Records for this task Block Start

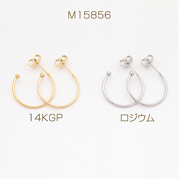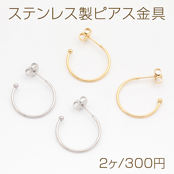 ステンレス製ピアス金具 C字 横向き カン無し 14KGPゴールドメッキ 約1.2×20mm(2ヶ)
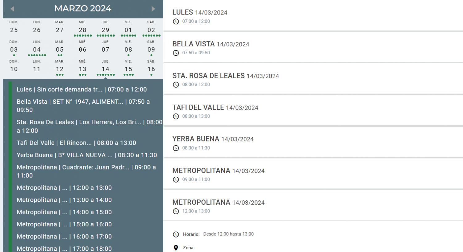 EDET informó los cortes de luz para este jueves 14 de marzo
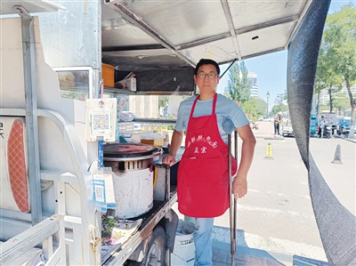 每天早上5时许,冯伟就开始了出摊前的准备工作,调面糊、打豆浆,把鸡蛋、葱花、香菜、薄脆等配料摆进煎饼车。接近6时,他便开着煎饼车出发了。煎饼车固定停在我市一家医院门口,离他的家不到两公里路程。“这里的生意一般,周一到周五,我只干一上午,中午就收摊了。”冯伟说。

Records for this task Block End
Records for this task Block Start

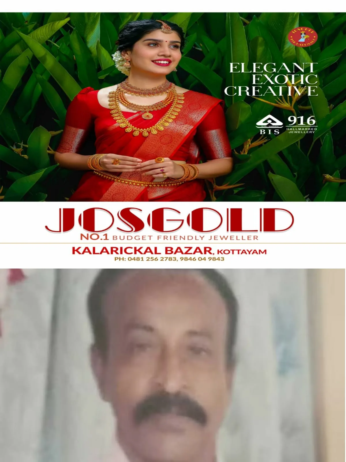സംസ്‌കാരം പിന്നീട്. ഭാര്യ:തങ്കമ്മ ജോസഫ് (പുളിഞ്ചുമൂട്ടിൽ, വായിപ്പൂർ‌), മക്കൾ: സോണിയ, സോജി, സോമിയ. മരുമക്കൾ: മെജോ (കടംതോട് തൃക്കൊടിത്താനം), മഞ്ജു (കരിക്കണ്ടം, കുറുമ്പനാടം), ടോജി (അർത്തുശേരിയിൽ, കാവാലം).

Records for this task Block End

**Work order**
Your reply should hold nothing but the lines above, from the one containing "EDET informó los" to the one containing "每天早上5时许,冯伟就开始了", reproduced exactly minus the pictures.

**Answer box**
 EDET informó los cortes de luz para este jueves 14 de marzo
 每天早上5时许,冯伟就开始了出摊前的准备工作,调面糊、打豆浆,把鸡蛋、葱花、香菜、薄脆等配料摆进煎饼车。接近6时,他便开着煎饼车出发了。煎饼车固定停在我市一家医院门口,离他的家不到两公里路程。“这里的生意一般,周一到周五,我只干一上午,中午就收摊了。”冯伟说。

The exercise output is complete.